Alimony Not Enough, Wife can Seek Monthly Maintenance, Rules Court

The Punjab and Haryana High Court has observed that a wife can file a plea for maintenance under Section 125 of the CrPC, notwithstanding the fact that she already received a lump sum payment by way of alimony from her husband.

The case involved a couple who got married in 1983. After a matrimonial dispute between the two, they started living separately in 1993. By way of a written compromise made in 1993, the husband deposited Rs. 3 lac in favour of his wife and two children as a full and final alimony settlement regarding their past, present, and future claims of maintenance.

In 2007, however, the wife filed a plea under Section 125 for maintenance, which was eventually ruled in her favour in 2016 by the Additional Sessions Judge, Pathankot, by which ruling the wife was granted maintenance at the rate of Rs. 15,000 per month.

Aggrieved by this, the husband filed the present petition under Section 482 CrPC. for quashing of the judgement of the Additional Sessions Judge, Pathankot.

The petitioner-husband argued that the wife’s plea under Section 125 could not be allowed. It was a misuse of the process of law, since the matter was already settled between the parties, by way of a written compromise, which was complied with by the petitioner.

The respondent wife, on the other hand, submitted that she was only earning Rs. 17,000 until her retirement in 2018, and that it was not possible for her to provide for expenses including accommodation, electricity, water, and conveyance, additionally, since she was burdened with the expenses of her two children, both of whom were college students.

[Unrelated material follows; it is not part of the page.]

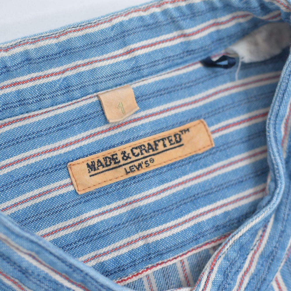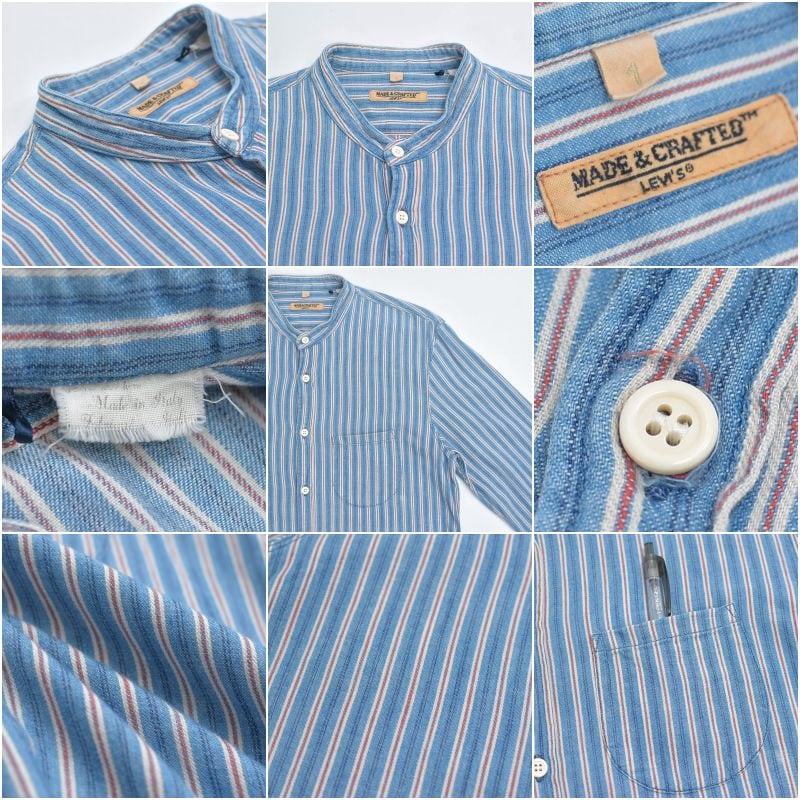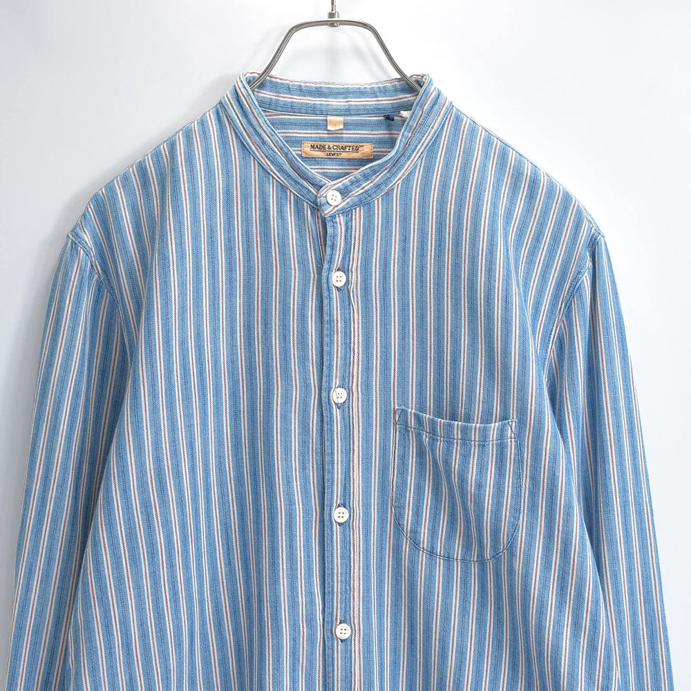 10s Levi's Made & Crafted リーバイス スタンドカラー マルチストライプ デザイン コットン シャツ ヴィンテージ ビンテージ USA アメリカ古着 メンズM相当

The single bench of Justice Amarjot Bhatti, while holding that the plea under Section 125 was maintainable, despite the settlement in 1993, said that:

“It cannot be disputed that it was not possible for a lady and her two children to survive in a meagre amount of Rs. 3 lacs … it is not possible to survive in a meagre salary of Rs.17,000 and to bear the responsibility of her two children who were going in professional colleges. She was to look-after their daily expenditure, food, clothing, transportation, medical expenditure as and when required and other social obligations. Therefore, she was justified in filing the petition under Section 125 CrPC.”

Accordingly, Justice Bhatti found no justification for interfering with the order of the Additional Sessions Judge, Pathankot, providing for a maintenance amount of Rs. 15,000 per month to the wife.